# Vineyard Village



## neil-t (Sep 27, 2009)

Hi everyone, Brand new to this forum, although I have read a huge number of posts on here, and what a great source of information.

My wife and I are planning to move to Cyprus in late 2010 and will almost certainly rent for a time while we decide on exactly where to live. We really prefer the look of a stone built house but prefer all the convenience and facilities of a modern property. I found a website for a company called Vineyard Village which seems to offer just what we want, but we all know how easy it is to make a website look really professional. Just wondered if anyone has any experience of this company? obviously we would do our own research on them, but first hand knowledge is hard to beat in my experience. Thanks a lot for taking the time to read this. Neil


----------



## Chris & Andrea (Feb 15, 2008)

*Stone Built Properties*



neil-t said:


> Hi everyone, Brand new to this forum, although I have read a huge number of posts on here, and what a great source of information.
> 
> My wife and I are planning to move to Cyprus in late 2010 and will almost certainly rent for a time while we decide on exactly where to live. We really prefer the look of a stone built house but prefer all the convenience and facilities of a modern property. I found a website for a company called Vineyard Village which seems to offer just what we want, but we all know how easy it is to make a website look really professional. Just wondered if anyone has any experience of this company? obviously we would do our own research on them, but first hand knowledge is hard to beat in my experience. Thanks a lot for taking the time to read this. Neil


Hi Neil,
Nice to know someone else shares our love of stone built properties.
Set in the vine yards of Polemi & nearing completion, we in the process of buying 'off plan' a modern stone built villa. The developers we are dealing with whilst not the fastest, are proving to be very good with the final product. Based in Pafos the developers are called 'StoneBest'.
I'll PM their details if you wish?
Regards, Chris


----------



## Cleo Shahateet (Feb 23, 2009)

Stone built and traditional homes are popular now.

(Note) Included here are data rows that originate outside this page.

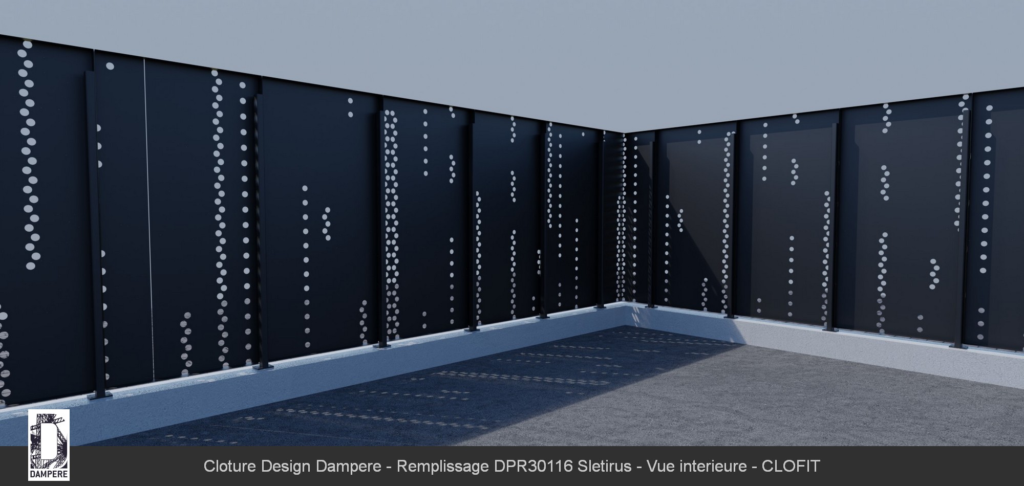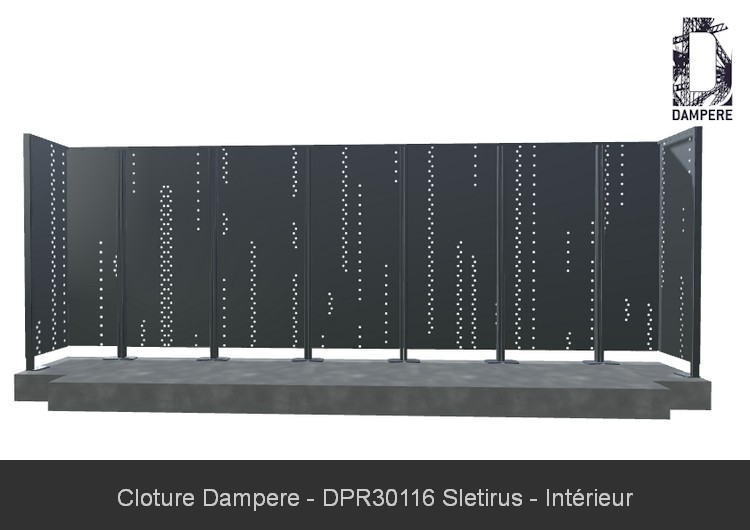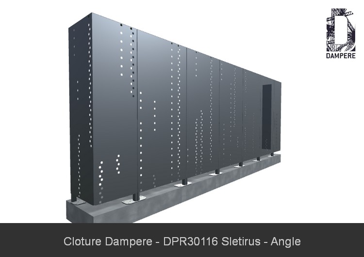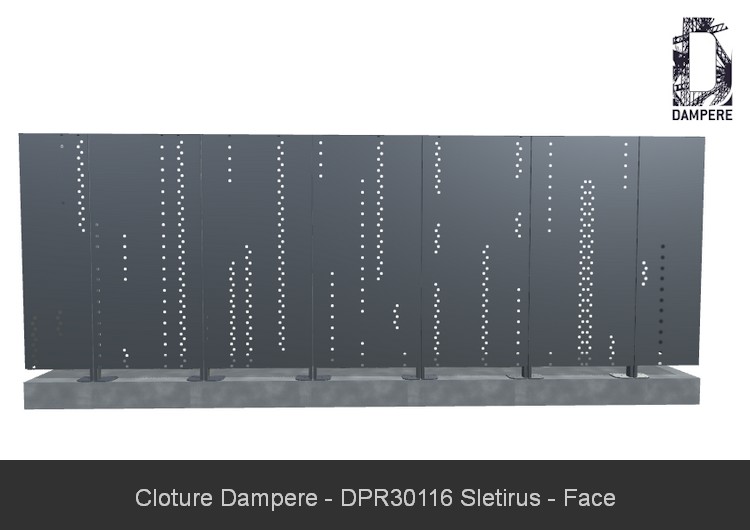 Le kit Clôture en panneau occultant Sletirus s'utilise pour des chantiers de clôtures simples avec une volonté d'opacité. La beauté de la technique de découpe numérique sur mesure permet une composition qui réduit le passage du regard au travers du panneau de clôture, plébiscité pour des installations publiques à protéger dans le cadre du plan Vigipirate en site urbain. Le motif Sletirus trouvera certainement son usage en ville ou milieu urbain à forte densité de population pour sa performance en occultation.Détails techniques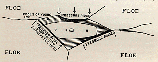 Pressure ridges can throw up some very high ridges making rugged terrain which is difficult to travel over.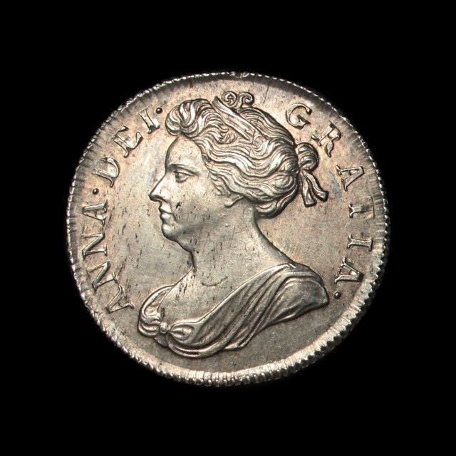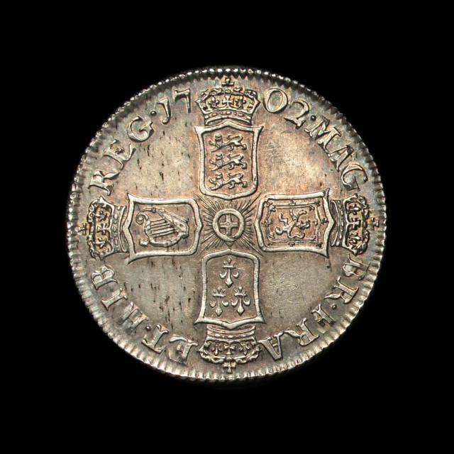First bust, 1702, rev. angles plain, (S.3583, ESC.1385)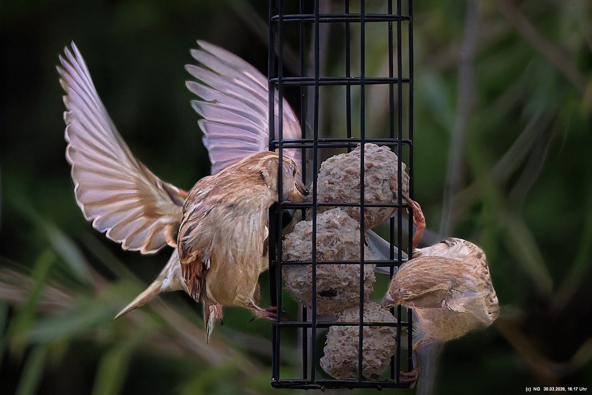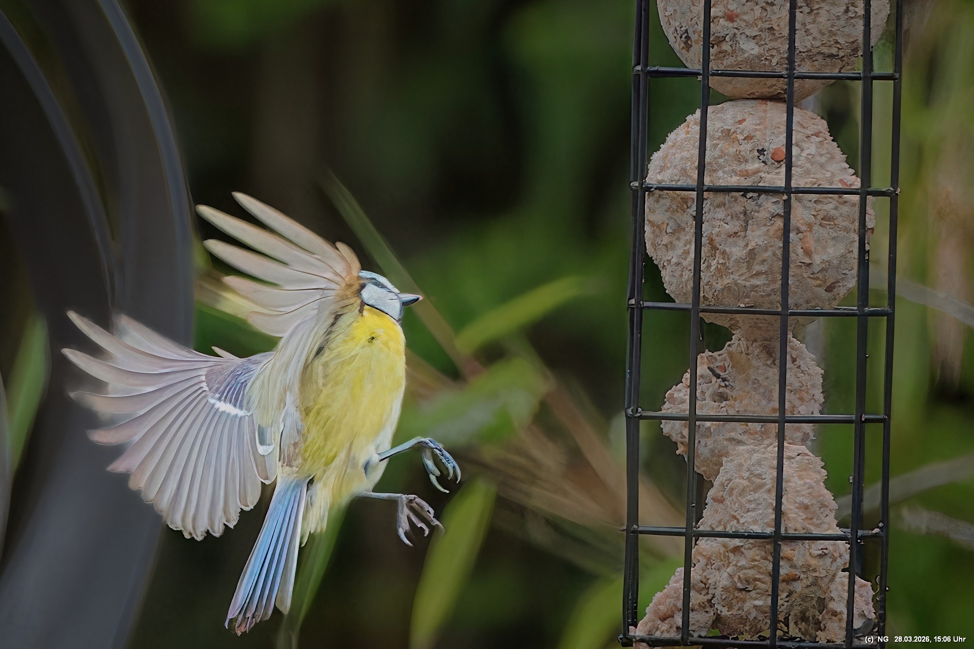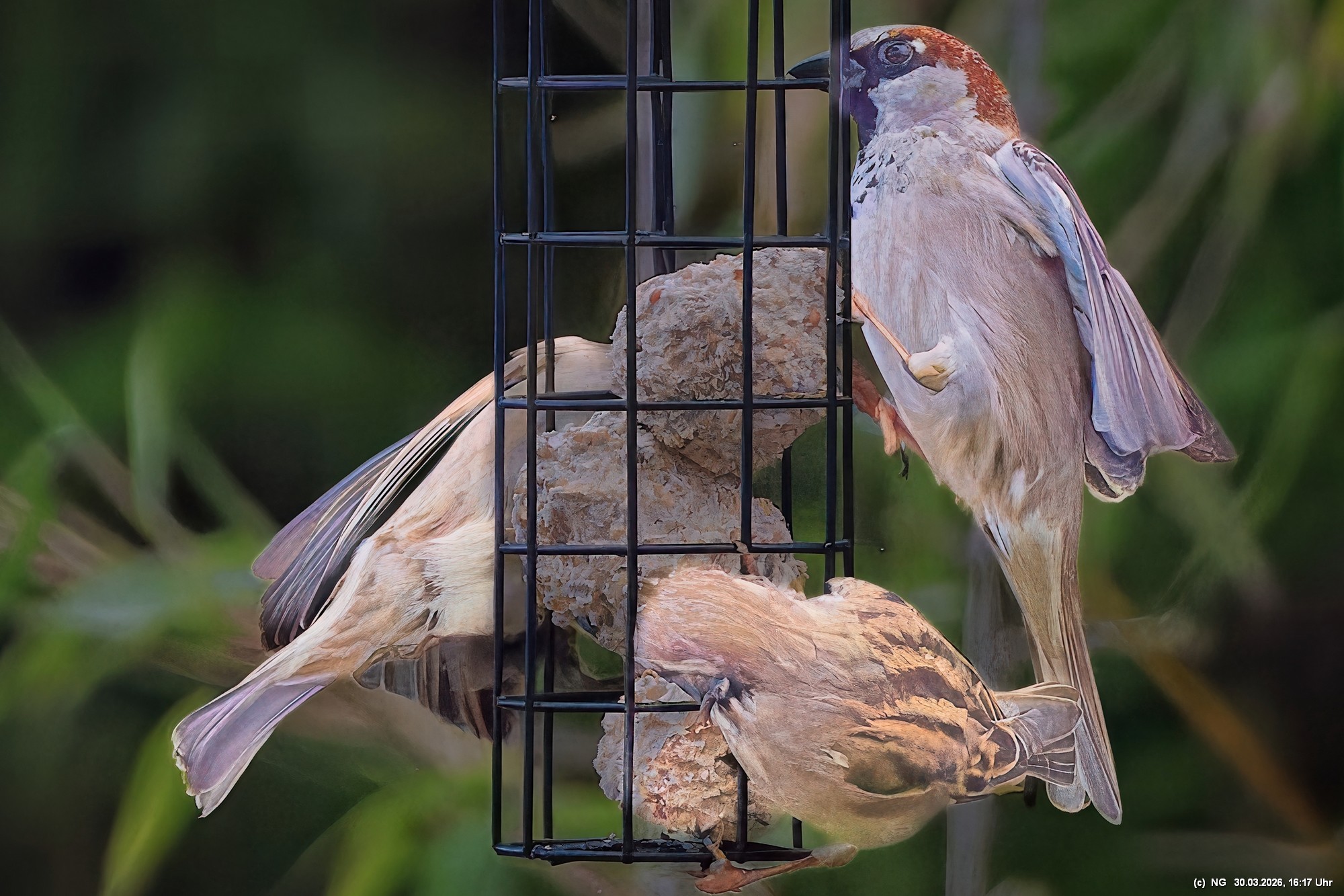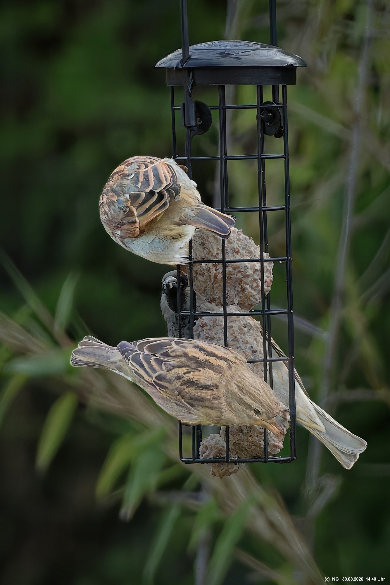 Es werden Kräfte für die kommende Saison getankt - und zwar reichlich. Das Tempo für den Ersatz von Maisenknödeln (auch die Spatzen gehen gerne dran) hat gewaltig zugelegt. Der Fotoapparat hat sie belauert. Da die Meisen das Futter immer sortieren und bei Missfallen einfach mit Schwung nach unten werfen und Ratten damit anlocken, haben wir jetzt größeren Drahtgitterschalen darunter befestigt (hier noch nicht zu sehen). Wir freuen uns über so viel Leben im Garten durch Vögel und Insekten!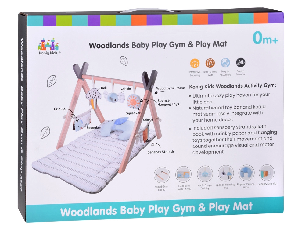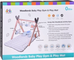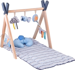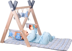 Stilingas medinis baby gym suteikia kūdikiui patogią erdvę tiek gulint ant pilvuko, tiek ant nugaros, o minkšti kabami žaislai skatina siekti, suimti ir tyrinėti skirtingas tekstūras. Kontrastiniai elementai, šiugždantys audiniai ir cypsiukai natūraliai stimuliuoja regą, klausą ir lytėjimą.

I have many customers looking for them. I did my own asking around about this company as I never heard of it and I would have loved to have their properties on my books, however I will not be doing so. The company used to be called Paphos Finder. No naming and shaming, just a fact that the company has changed names and there are many court cases (public record shows this) for different issues.


----------



## Veronica (Apr 5, 2008)

Cleo Shahateet said:


> Stone built and traditional homes are popular now. I have many customers looking for them. I did my own asking around about this company as I never heard of it and I would have loved to have their properties on my books, however I will not be doing so. The company used to be called Paphos Finder. No naming and shaming, just a fact that the company has changed names and there are many court cases (public record shows this) for different issues.


Hi Cleo,
Maybe you need to make it clear that the company which used to be called Paphos finder is vineyard village and not stone best. It isnt clear in your post which of them you are talking about.
To be honest I have so far only found one company who builds stone villas that I would recommend to clients and it isnt mentioned on here and even that company are far from perfect. It is a matter of which is the best of a bad bunch
I would love to hear of stone build companies that are totally reliable.

Veronica


----------



## Cleo Shahateet (Feb 23, 2009)

Veronica said:


> Hi Cleo,
> Maybe you need to make it clear that the company which used to be called Paphos finder is vineyard village and not stone best. It isnt clear in your post which of them you are talking about.
> To be honest I have so far only found one company who builds stone villas that I would recommend to clients and it isnt mentioned on here and even that company are far from perfect. It is a matter of which is the best of a bad bunch
> I would love to hear of stone build companies that are totally reliable.
> ...


Oh yes, sorry I don't know much about Stone Best it was Paphos Finder/ Vineyard Village that I learned about. And I also know of only one company that is reputable and has some nice stone homes in Drousia. I have had good experiences with them for clients - very reliable, honest, not pushy and have been in business for years.


----------



## Chris & Andrea (Feb 15, 2008)

*'Stone Best'*



Cleo Shahateet said:


> Oh yes, sorry I don't know much about Stone Best it was Paphos Finder/ Vineyard Village that I learned about. And I also know of only one company that is reputable and has some nice stone homes in Drousia. I have had good experiences with them for clients - very reliable, honest, not pushy and have been in business for years.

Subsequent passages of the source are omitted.